Computation-Guided Design of Split Protein Systems for Controlling Cellular Function

Split protein systems are biochemical tools that can be used to monitor and regulate biological activity. A protein of interest is broken into two inactive pieces that, under user-defined conditions, can rejoin to form a functional protein. However, it can be difficult to engineer a split such that the protein will reconstitute effectively only under the desired conditions.

In a paper published Feb. 1, 2021, in Nature Chemical Biology, Great Lakes Bioenergy Research Center (GLBRC) researcher and University of Wisconsin–Madison biochemistry assistant professor Vatsan Raman, graduate student Anthony Meger, and colleagues at Northwestern University describe a computation-guided method, called Split Protein Optimization by Reconstitution Tuning (SPORT), to optimize the design of split protein systems. Here, Raman describes the challenges involved in splitting proteins, how SPORT helps solve them, and potential uses for bioenergy researchers.

Vatsan Raman

How do split protein systems work and why are they useful?
Proteins carry out their biological function as intact biomolecules. Any effort to truncate or cut proteins makes them structurally unstable and incapable of carrying out their function. However, a protein can be carefully split without completely destabilizing it, such that each half is structurally stable, but the protein is nonfunctional. But under certain conditions—which you as a user decide—the halves can come back together and make the protein functional again. This gives a researcher full control over the protein function and, by extension, the cellular processes mediated by that protein. Split proteins are a powerful biotechnological tool to understand and control cellular functions.

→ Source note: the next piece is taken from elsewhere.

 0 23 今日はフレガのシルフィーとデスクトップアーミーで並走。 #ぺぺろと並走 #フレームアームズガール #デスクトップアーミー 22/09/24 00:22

A simple example is splitting green fluorescent protein, GFP. Say you split GFP and connect the halves to two proteins, A and B. Only when A and B interact will the split halves come together and GFP light up. If you want to know under what conditions A and B interact, you only have to monitor fluorescence from GFP. That makes the experiment simple, fast, and scalable to many conditions. Or, instead of GFP, you could split an enzyme. For instance, if you want a certain enzyme to be active only when two cell receptors are in close proximity, then each split half of the enzyme can be attached to a different receptor.

What are some existing challenges with using these systems, and how will SPORT help?
Nature has not evolved proteins to be split. Think about the architecture of a protein: the central core of the protein is mostly sticky residues—hydrophobic amino acids—and toward the periphery you’ll often find charged or polar amino acids. If you split a protein naïvely, the two halves will just stick back—a Velcro-like effect—because the hydrophobic amino acids prefer being around each other. To make a conditionally active split protein system, you have to mutate that interface so that the protein comes back together only under the specific conditions that you decide on, not by itself.

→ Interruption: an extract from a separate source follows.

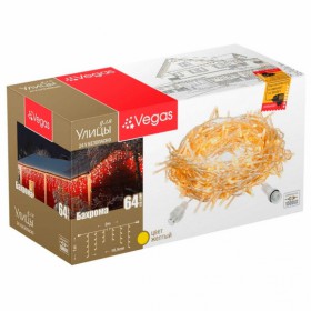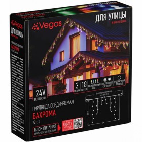 Электрогирлянда VEGAS LED Бахрома прозр провод 72 кр ламп 18 нитей таймер/блок п-я/уд/я в бокс 3x06м

That turns out to be challenging, because when one mutates the central core of a protein, the protein becomes highly unstable. So, a protein designer has to walk this tightrope between preventing the protein halves from rejoining by that Velcro-like effect, and destabilizing the protein altogether. Those are the two extremes. SPORT computationally estimates the “Goldilocks zone” where the protein can be split without spontaneous association (Velcro) and without destabilization. In thermodynamic terms, it finds the energy window between spontaneous reconstitution and complete disassembly. One can make mutations that fall within that energy window, and you get this nice conditionally active split protein activity.

What do you see as some of the most exciting potential uses of split-protein systems in bioenergy research?
An important application area that I see for the GLBRC is in conversion, where the goal is to take sugars and lignin from degraded plants and feed them to microbes to make valuable products. Microbial metabolic pathways for converting sugars to valuable products involve many enzymes, and often some enzymes need to be turned off and turned on under certain conditions. This tool would be useful in multi-enzyme metabolic engineering, where we seek to exert some degree of control over the pathway. One example might be avoiding the of accumulation of toxic byproducts. Another could be if you want to make one product until a certain point and then switch to a different product.

How accessible is this design-driven strategy for researchers? Does it take specialized knowledge or equipment?
Our broad goal is to make split proteins on demand. In other words, you give us an enzyme that you're interested in splitting, and we’ll recommend mutations that will make your conditionally active split protein system. Running SPORT calculations is quite straightforward. But there may be a barrier to entry if one isn’t familiar with computational molecular modeling. We are happy to work with labs in GLBRC or other bioenergy research centers to run SPORT for their protein of interest. We can provide some mutants that we predict will have desired properties, and they will have to experimentally measure the activity of our mutants. Eventually, we would like to have a web server where researchers can upload their protein of interest and the webserver returns mutations to test.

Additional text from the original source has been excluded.